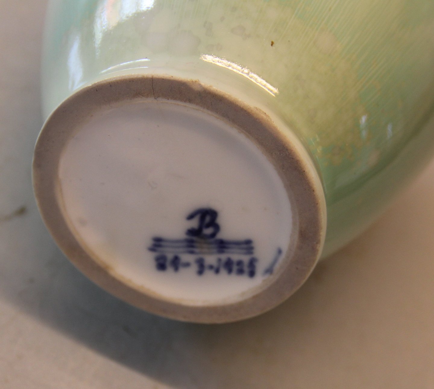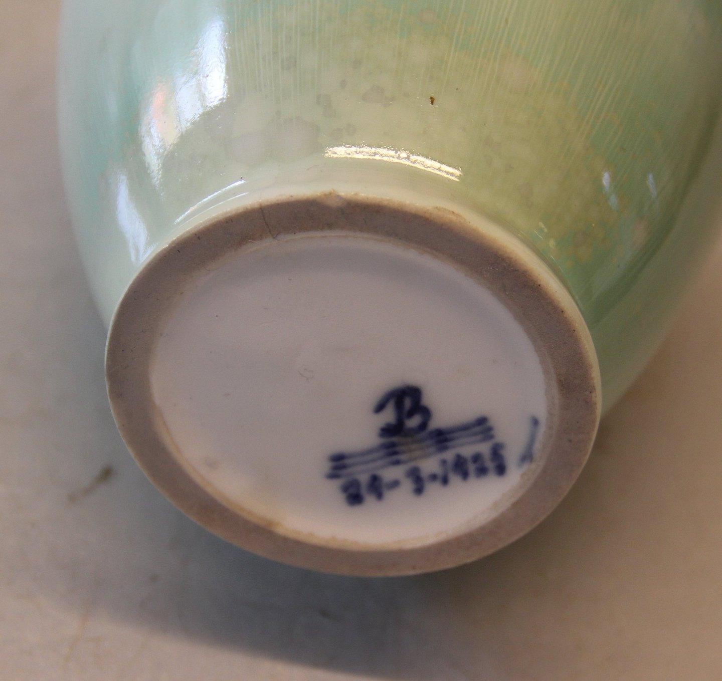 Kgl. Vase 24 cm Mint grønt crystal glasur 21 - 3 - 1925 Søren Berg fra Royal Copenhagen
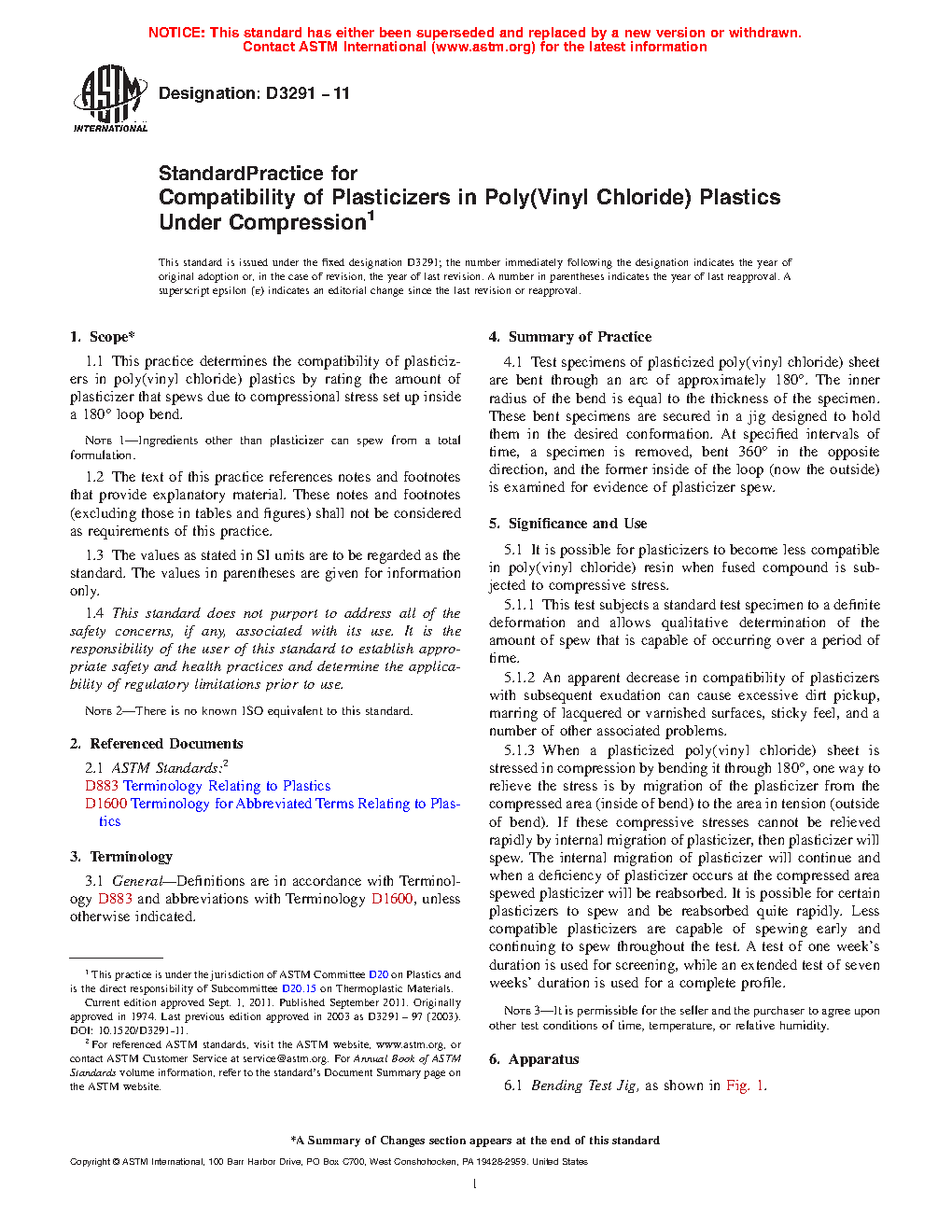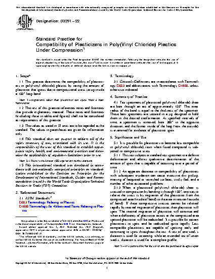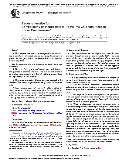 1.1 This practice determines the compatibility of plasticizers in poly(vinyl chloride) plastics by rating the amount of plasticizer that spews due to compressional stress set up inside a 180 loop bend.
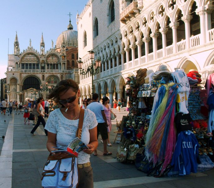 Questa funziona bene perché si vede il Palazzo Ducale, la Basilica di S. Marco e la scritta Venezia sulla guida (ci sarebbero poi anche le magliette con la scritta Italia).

◆ ABOUT THIS TASK: Write out the data word for word, with every picture dropped.

◆ SOLVED EXERCISE:
 Kgl. Vase 24 cm Mint grønt crystal glasur 21 - 3 - 1925 Søren Berg fra Royal Copenhagen
 1.1 This practice determines the compatibility of plasticizers in poly(vinyl chloride) plastics by rating the amount of plasticizer that spews due to compressional stress set up inside a 180 loop bend.
 Questa funziona bene perché si vede il Palazzo Ducale, la Basilica di S. Marco e la scritta Venezia sulla guida (ci sarebbero poi anche le magliette con la scritta Italia).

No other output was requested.